1.   ELECTION OF DIRECTORS: Harry I. Freund, Jay S. Goldsmith, Antonio L.
     DeLise, Clifford B. Cohn, L.G. Schafran and Emil Vogel

     [ ]  FOR all nominees listed above (except as marked to the contrary
          hereon).

     [ ]  WITHHOLD AUTHORITY to vote for all nominees listed hereon.

     (Instruction: To withhold authority to vote for any individual nominee,
     write that nominee's name in the space provided below.)

2.   To ratify the selection of Deloitte & Touche LLP as auditors for the fiscal
     year ending December 31, 2003.

     [ ] FOR                 [ ] AGAINST            [ ] ABSTAIN

3.   In their discretion, to act upon such other business as may properly be
     brought before the Annual Meeting or any adjournment thereof.

                     (Continued and to be signed and dated on the reverse side.)




(Continued from other side)

THIS PROXY IS SOLICITED ON BEHALF OF THE BOARD OF DIRECTORS.

PLEASE MARK, DATE, SIGN AND RETURN THE PROXY CARD PROMPTLY USING THE ENCLOSED
ENVELOPE.

                              Dated:                                      , 2003
                                    --------------------------------------

                              Signature
                                       -----------------------------------------

                              Signature If held joint
                                                     ---------------------------

                              NOTE: Your signature should conform with your name
                              as it appears hereon.

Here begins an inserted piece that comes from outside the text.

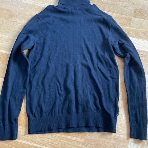 H&M Blå herregenser i størrelse S. Genseren har høy hals og er laget i et mykt materiale. Passer til hverdagsbruk og kan kombineres med ulike antrekk.

If signing as attorney,
                              executor, administrator, trustee or guardian,
                              please give your full title as such. If stock is
                              owned by a partnership or corporation, please
                              indicate your capacity in signing the Proxy. If
                              stock is held in joint ownership, all co-owners
                              must sign.